Susan Granger's review of "BABY GENIUSES" (Columbia TriStar Pictures)

If you enjoyed the "Look Who's Talking" trilogy, then this is the kind of comedy you'll enjoy. The gimmick of having babies speak is revisited here with a plot that revolves around the idea that all babies are born with the wisdom of the ages and the ability to speak with each other. So, what adults hear as gurgling "baby talk" is actually a sophisticated dialogue. And, through CGI technology, the babies' lips move exactly like adults' lips, simulating conversation, along with appropriate facial expressions. Writer/director Bob Clark and co-writer Greg Michael have concocted a morality play, with its conflict between good and evil, in which twins are separated at birth by a scheming, wildly ambitious child psychiatrist, Dr. Kinder (Kathleen Turner) who runs BABYCO, the world's largest manufacturer of baby products.

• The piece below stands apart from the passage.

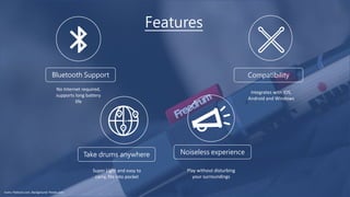 Free Drum is a portable drumming device featuring Bluetooth support, compatibility with multiple platforms, and a noiseless experience. The project was successfully funded on Kickstarter, raising $622,877 from 4,054 backers. It includes accessories like a micro USB charger and straps for enhanced usability.
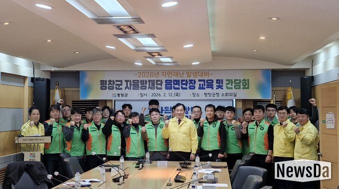 뉴스다 최광묵 기자 | 평창군은 지난 12일 군청 소회의실에서 권혁영 도시안전국장을 비롯한 읍면 자율방재단 대표 등 20여 명이 참석한 가운데 ‘2026년 읍면 자율방재단장 교육 및 간담회’를 개최했다.

She keeps one, named Sly, to be raised with constant discipline and training in a secret, experimental research research lab - where he interacts with the best and brightest of other baby geniuses - except he's always trying to escape. Meanwhile, his twin, Whit, is raised by Dr. Kinder's niece (Kim Cattrall) who, with her husband (Peter MacNicol), runs an old-fashioned nursery school, where love, tenderness, and good sense reign. It's the antithesis of BABYCO. Inevitably, the babies meet - at a shopping mall at Christmastime - and, in a mistaken-identity switch, they find themselves in each other's environment. What works in this film is the inherent whimsical appeal of the babies - who are actually played by the Fitzgerald triplets from Vancouver. What doesn't work is the psychobabble and contrived amusement. On the Granger Movie Gauge of 1 to 10, "Baby Geniuses" is a flimsy 5. Cute but cloying - unless you're really into watching the screen antics of two-year olds.